◆ Working data ◆
++++++++
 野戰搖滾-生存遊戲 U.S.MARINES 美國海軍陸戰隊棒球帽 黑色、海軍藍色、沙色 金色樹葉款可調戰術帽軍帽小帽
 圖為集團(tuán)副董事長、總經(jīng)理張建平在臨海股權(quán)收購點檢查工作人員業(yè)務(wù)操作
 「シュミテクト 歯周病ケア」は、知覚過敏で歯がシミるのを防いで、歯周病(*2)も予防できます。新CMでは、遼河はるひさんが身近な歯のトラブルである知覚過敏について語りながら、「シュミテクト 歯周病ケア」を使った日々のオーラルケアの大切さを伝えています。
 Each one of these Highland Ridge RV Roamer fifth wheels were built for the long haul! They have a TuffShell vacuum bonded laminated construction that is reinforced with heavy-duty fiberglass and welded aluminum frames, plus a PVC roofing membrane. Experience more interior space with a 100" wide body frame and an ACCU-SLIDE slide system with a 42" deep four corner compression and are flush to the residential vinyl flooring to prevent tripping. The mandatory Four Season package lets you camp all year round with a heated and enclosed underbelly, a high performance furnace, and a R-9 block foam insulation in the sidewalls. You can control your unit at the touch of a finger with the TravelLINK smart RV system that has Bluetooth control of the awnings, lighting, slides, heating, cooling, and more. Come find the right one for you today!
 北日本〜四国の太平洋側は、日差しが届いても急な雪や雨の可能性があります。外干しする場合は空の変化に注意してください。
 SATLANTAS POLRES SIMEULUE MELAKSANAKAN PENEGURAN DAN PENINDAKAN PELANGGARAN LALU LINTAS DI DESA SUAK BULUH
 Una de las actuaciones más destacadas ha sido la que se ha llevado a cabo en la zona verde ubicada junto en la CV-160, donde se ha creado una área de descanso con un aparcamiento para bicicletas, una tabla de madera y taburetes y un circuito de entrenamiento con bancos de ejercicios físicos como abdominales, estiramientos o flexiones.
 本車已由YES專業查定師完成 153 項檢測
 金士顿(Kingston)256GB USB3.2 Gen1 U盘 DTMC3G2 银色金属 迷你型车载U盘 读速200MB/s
++++++++
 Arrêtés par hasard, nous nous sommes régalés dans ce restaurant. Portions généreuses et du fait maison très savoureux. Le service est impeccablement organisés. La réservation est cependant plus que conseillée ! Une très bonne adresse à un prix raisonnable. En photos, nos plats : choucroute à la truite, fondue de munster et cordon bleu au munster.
++++++++
◆ What to do ◆
Please give back exactly the lines of this listing beginning at the line with "SATLANTAS POLRES SIMEULUE" and ending with the line with "金士顿(Kingston)256GB USB3.2 Gen1", both included, and nothing else.

◆ Response for this exercise ◆
 SATLANTAS POLRES SIMEULUE MELAKSANAKAN PENEGURAN DAN PENINDAKAN PELANGGARAN LALU LINTAS DI DESA SUAK BULUH
 Una de las actuaciones más destacadas ha sido la que se ha llevado a cabo en la zona verde ubicada junto en la CV-160, donde se ha creado una área de descanso con un aparcamiento para bicicletas, una tabla de madera y taburetes y un circuito de entrenamiento con bancos de ejercicios físicos como abdominales, estiramientos o flexiones.
 本車已由YES專業查定師完成 153 項檢測
 金士顿(Kingston)256GB USB3.2 Gen1 U盘 DTMC3G2 银色金属 迷你型车载U盘 读速200MB/s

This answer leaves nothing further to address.